What to do: Print exactly, and only, the lines from the one containing "1- ОСА, 2- НСА, 3- лицевая" through the last line of the records below, both included; leave out the pictures.

Records supplied:
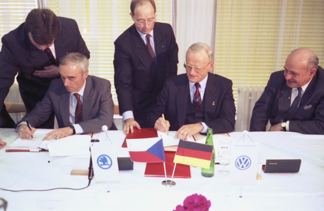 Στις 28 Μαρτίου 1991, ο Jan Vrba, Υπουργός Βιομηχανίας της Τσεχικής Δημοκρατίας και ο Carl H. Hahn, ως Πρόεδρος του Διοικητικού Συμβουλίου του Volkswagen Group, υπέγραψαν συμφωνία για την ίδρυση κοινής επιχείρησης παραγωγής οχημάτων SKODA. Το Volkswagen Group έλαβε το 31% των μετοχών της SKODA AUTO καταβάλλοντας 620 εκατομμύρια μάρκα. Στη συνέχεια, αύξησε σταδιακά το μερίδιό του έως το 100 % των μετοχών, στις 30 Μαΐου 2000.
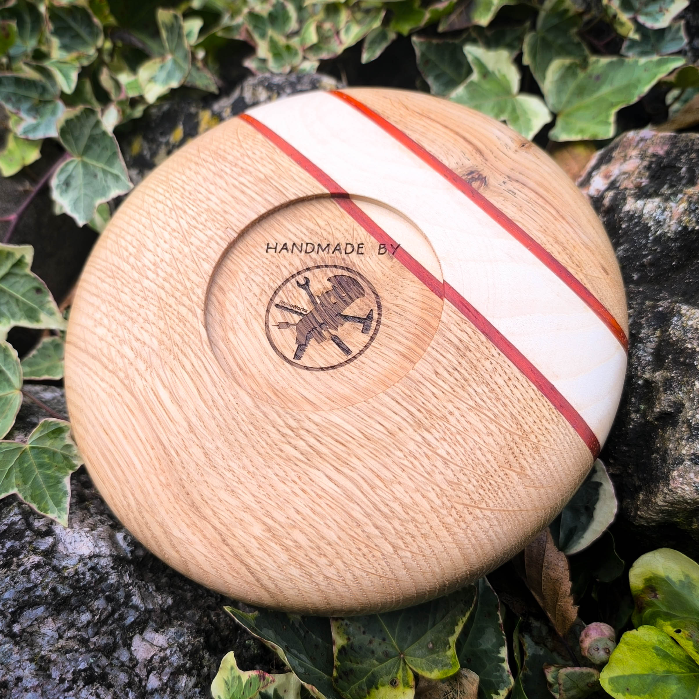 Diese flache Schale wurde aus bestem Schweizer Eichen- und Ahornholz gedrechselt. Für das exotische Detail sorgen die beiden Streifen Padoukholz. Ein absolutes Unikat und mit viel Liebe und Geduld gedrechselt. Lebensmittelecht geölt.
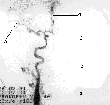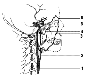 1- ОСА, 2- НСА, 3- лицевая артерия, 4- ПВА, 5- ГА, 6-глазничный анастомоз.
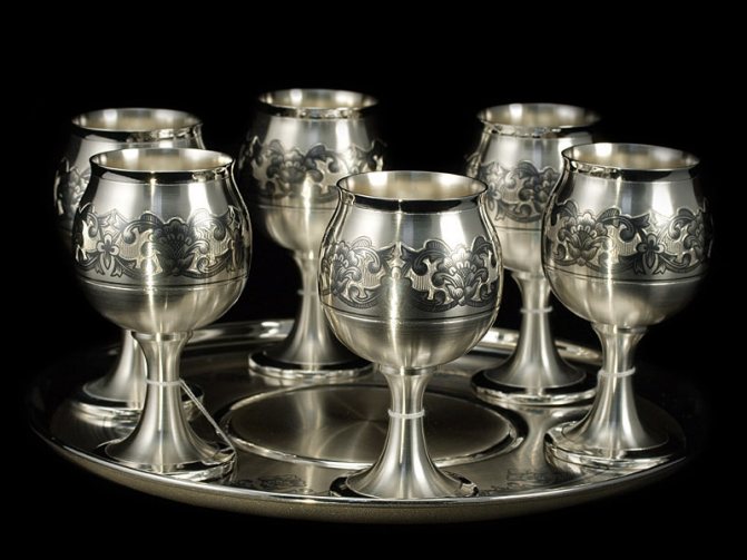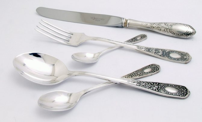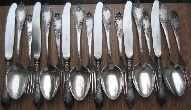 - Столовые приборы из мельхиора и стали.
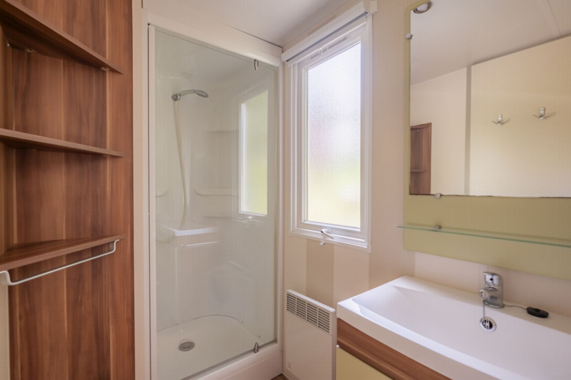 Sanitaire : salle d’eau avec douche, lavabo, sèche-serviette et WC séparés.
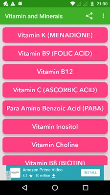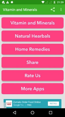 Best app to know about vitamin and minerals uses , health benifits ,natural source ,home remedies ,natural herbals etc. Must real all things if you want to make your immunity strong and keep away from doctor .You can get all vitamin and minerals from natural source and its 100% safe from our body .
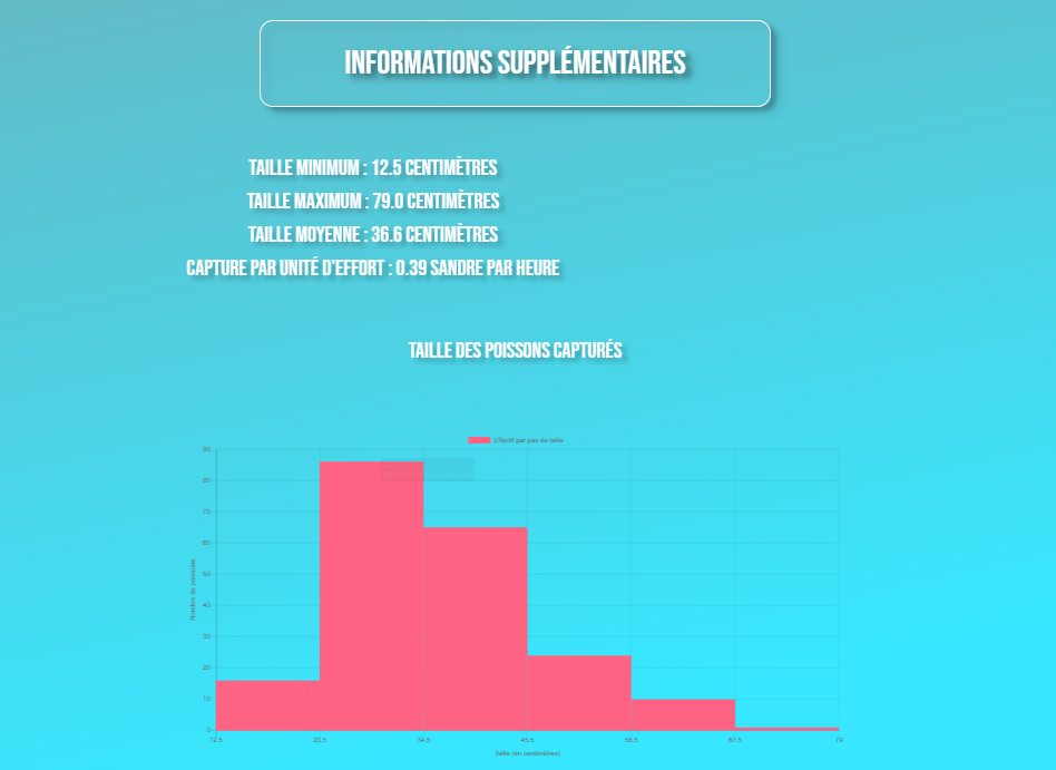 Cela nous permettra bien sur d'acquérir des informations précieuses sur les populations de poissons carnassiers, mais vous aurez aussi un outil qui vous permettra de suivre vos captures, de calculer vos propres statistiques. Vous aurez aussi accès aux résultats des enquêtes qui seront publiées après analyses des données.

The answer:
 1- ОСА, 2- НСА, 3- лицевая артерия, 4- ПВА, 5- ГА, 6-глазничный анастомоз.
 - Столовые приборы из мельхиора и стали.
 Sanitaire : salle d’eau avec douche, lavabo, sèche-serviette et WC séparés.
 Best app to know about vitamin and minerals uses , health benifits ,natural source ,home remedies ,natural herbals etc. Must real all things if you want to make your immunity strong and keep away from doctor .You can get all vitamin and minerals from natural source and its 100% safe from our body .
 Cela nous permettra bien sur d'acquérir des informations précieuses sur les populations de poissons carnassiers, mais vous aurez aussi un outil qui vous permettra de suivre vos captures, de calculer vos propres statistiques. Vous aurez aussi accès aux résultats des enquêtes qui seront publiées après analyses des données.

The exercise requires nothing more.